Run agentico update to upgrade to the latest stable release. Use agentico update --check (alias -n) to report the current and latest available versions without installing anything; it exits 0 and prints an already-up-to-date message when you are on the newest release.

Development

# Build
go build -o bin/agentico ./cmd/agentico

# Or use the make target (writes ./bin/agentico)
make build

# Everyday verification
make test-fast

# Generate keybinding docs
go generate ./internal/tui/...

Verification is split into named tiers so everyday checks stay fast while extended coverage remains available.

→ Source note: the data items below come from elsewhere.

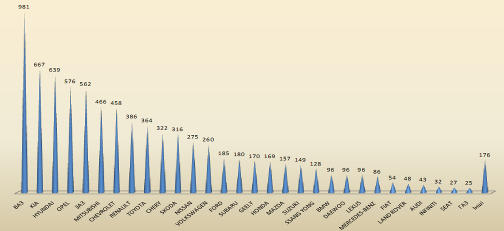 Зростання відбувається за рахунок колишніх кредитних автомобілів. Але ситуація з попитом далеко не однорідна. Так, іномарки продовжують користуватися популярністю, у той час як збут ВАЗів та інших російських авто впав майже на 40%. Українці віддають перевагу перевіреним брендам. Продажі Volkswagen, Toyota, Mercedes-Benz, BMW, Skoda, Mitsub>ishi, Hyundai, Kia демонструють істотне зростання. Однак лідерство продовжують утримувати ВАЗ (30% ринку), Daewoo (6,7%), Volkswagen (5%).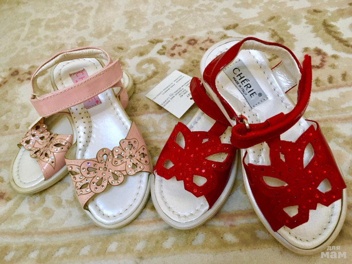Нежно розовые - лаковая кожа. Красные - лак и замша. Стразы на обеих парах сверкают.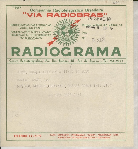 [Telegrama] 1945 Nov. 15, Stockholm [a] Gabriela Mistral, Río de Janeiro [manuscrito] Svenska Dagbladet (Periódico sueco).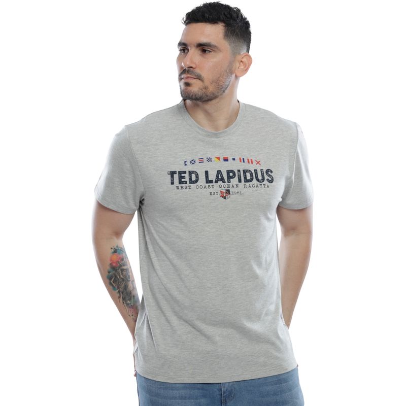 Remera masculina de manga corta con cuello redondo clásico, diseñada para brindar comodidad y estilo en cualquier ocasión casual. Su color gris claro jaspeado aporta un toque moderno y versátil, mientras que el estampado frontal refleja un estilo náutico elegante: texto en azul oscuro acompañado de una hilera de banderas de señalización marítima en colores, creando un diseño distintivo y fresco que aporta personalidad y sofisticación a tu look.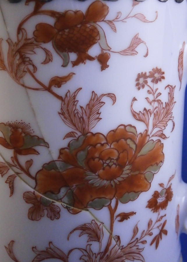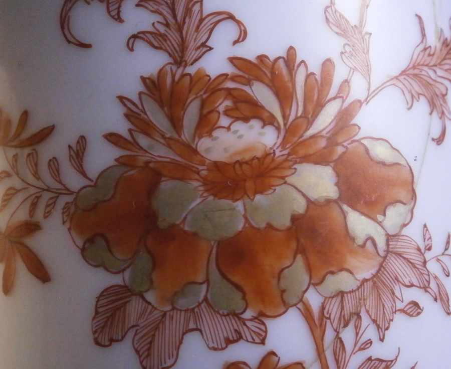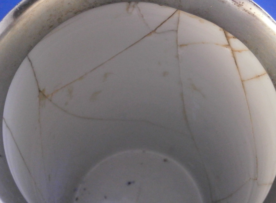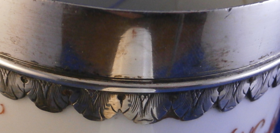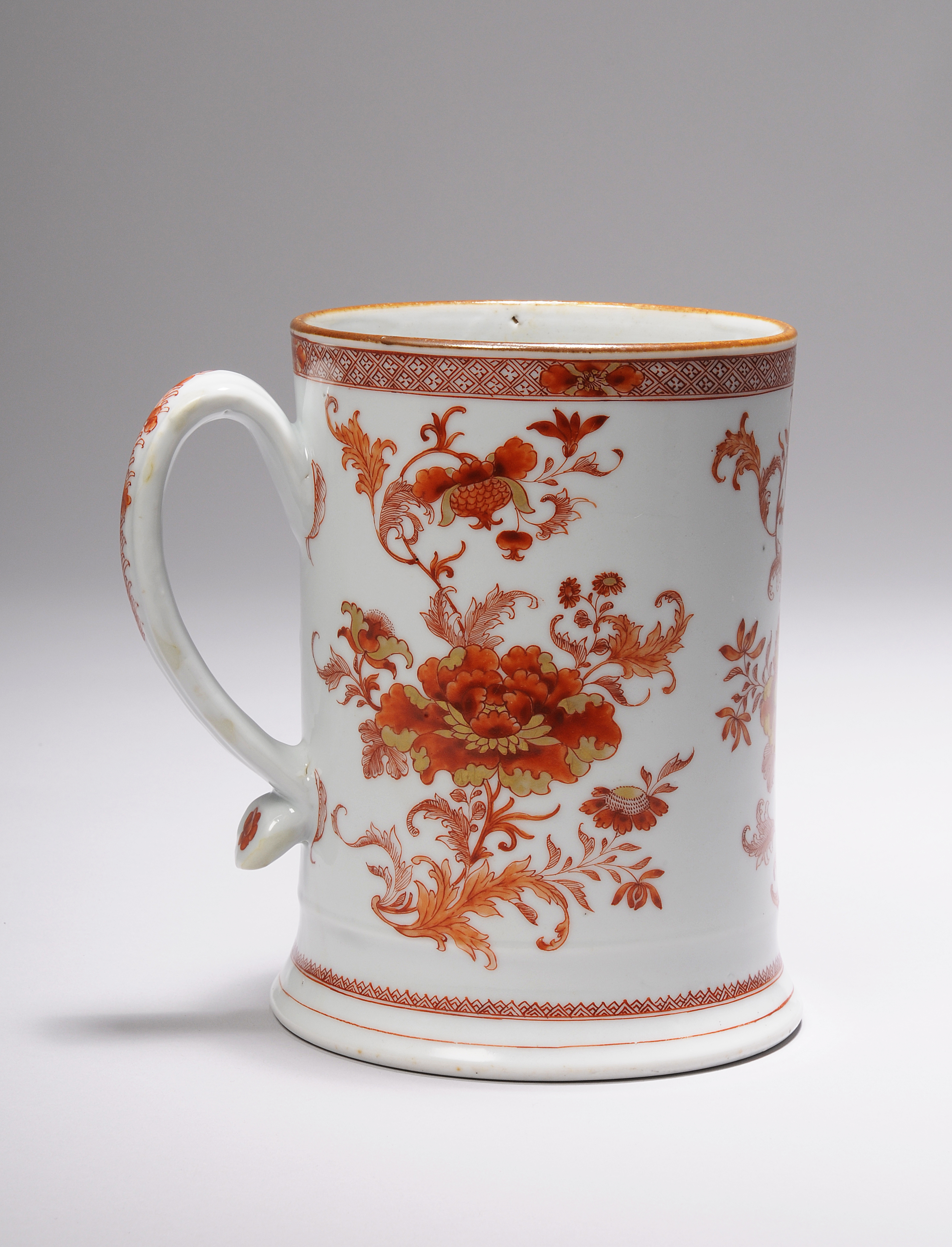 This is a large tankard made in China  during the Chinese Kangxi period ( 1661 - 1722 ). It is definitely a very early piece and possibly earlier than any European porcelain. I bought it because I wanted to see the similarities between this and the Vienna DuPaquier period porcelain I like so much. The paste has that same milkglass type look to it and the decoration is really similar in terms of how they did the leaves and that red trim along the bottom. These pieces must have been what influenced them early on! So it was a learning piece for me which is important since the books only get you so far. The tankard has a thick sterling silver trim to the top and must have fallen at some point as you can see a big dent in it and the porcelain has cracked into a ton of pieces from there. It was held together by the silver though and that is probably the only reason it has made it this long. It's still a great looking piece with the iron red and gold flowers hand painted all around with some red trim along the bottom and handle. It's worthy of being restored but I don't usually do that sort of thing so I will leave the choice to its new owner. I added a pic of one in good condition to the end of the listing. The stein is 6.75 inches tall with a bottom diameter of 4.75 inches. Unmarked as is the norm. Damaged as per pictures. Please email me for more information or other pictures.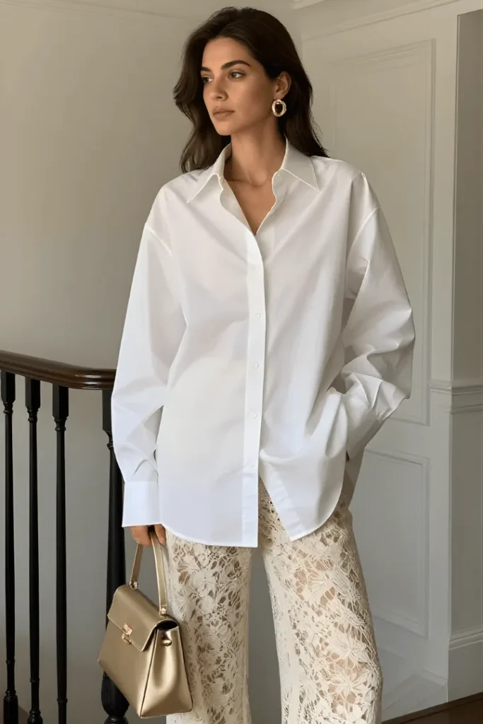 Nothing epitomizes old money spring outfits women casual quite like a perfectly oversized white button-down shirt. This particular styling takes the classic piece and elevates it with unexpected lace trousers in a soft cream tone, creating a look that feels both relaxed and remarkably sophisticated. The gold hoop earrings and structured metallic bag add just enough polish without overwhelming the outfit’s inherent simplicity.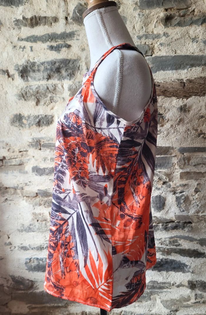 Débardeur à motifs feuilles écru et orange U Collection Taille 38 - photo numéro 2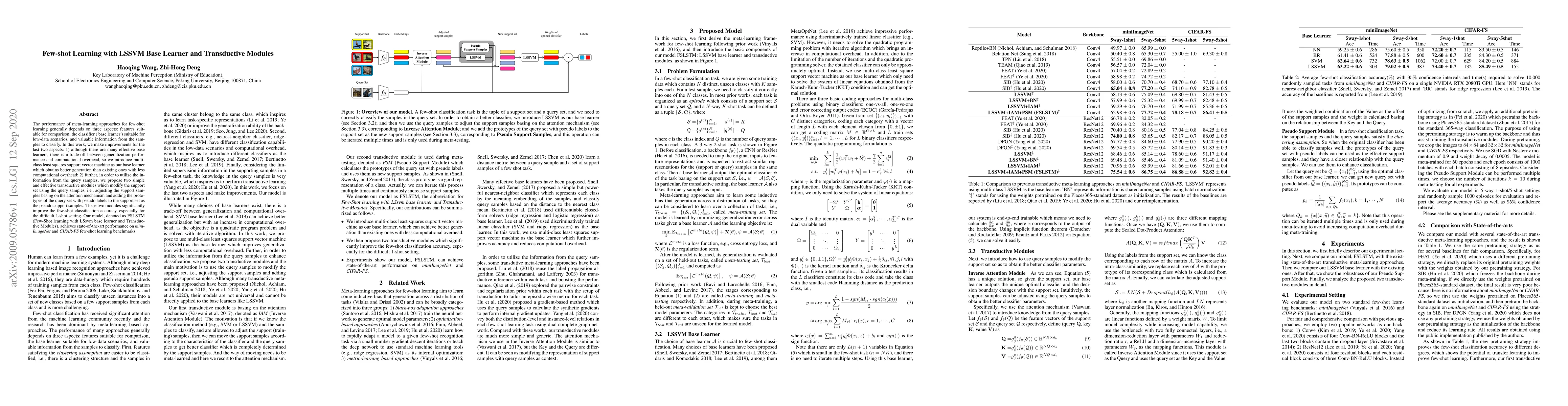This paper introduces a few-shot learning model using a multi-class least squares support vector machine as the base learner for better generalization and lower computational cost. It also proposes transductive modules to enhance the support set with query sample information, significantly improving classification accuracy, especially in 1-shot scenarios, achieving state-of-the-art results on miniImageNet and CIFAR-FS.

Tier Command Current wall time Purpose
Fast suite make test-fast 23s, target <=30s Everyday all-package short-mode check before handoff.
E2E smoke shell bash test/e2e/smoke.sh 48.53s Builds the binary and checks CLI flags plus embedded skill layout.
Isolated integration go test ./test/integration/... -count=1 323.06s Lifecycle, state-machine, and protocol-violation coverage.
E2E Go (TUI / teatest) go test ./test/e2e/... -count=1 -race 41.51s Full TUI and teatest behavior with the race detector.
TUI observability `go test -tags tui_observe ./internal/tui -run 'Observed Emits' -count=1` 15.14s
Race regression go test ./... -count=1 -race 158.82s Extended all-package race/regression sweep.
Eval AGENTIC_EVAL=1 go test ./test/eval/... -count=1 gated; not measured Live skill/guideline discovery against real LLM CLIs.

go vet ./... and go build ./... remain required static and build checks. The tagged TUI observability tier is the explicit opt-in gate for slower observer-backed TUI integration coverage. The race-enabled all-package sweep is the Race regression tier, not the ordinary unit command. See AGENTS.md and docs/testing-baseline.md for timing details, and see AGENTS.md for the isolated-run pattern for running a second instance without colliding with the first.

Contributing

Pull requests are welcome. See CONTRIBUTING.md for the development setup, branch and commit conventions.

Contributions to this project require agreeing to the DoorDash Contributor License Agreement. See CONTRIBUTOR_LICENSE_AGREEMENT.md.

License

Agentic Orchestrator is licensed under the Apache License, Version 2.0.

Notices

See NOTICE.txt for third-party components and attributions.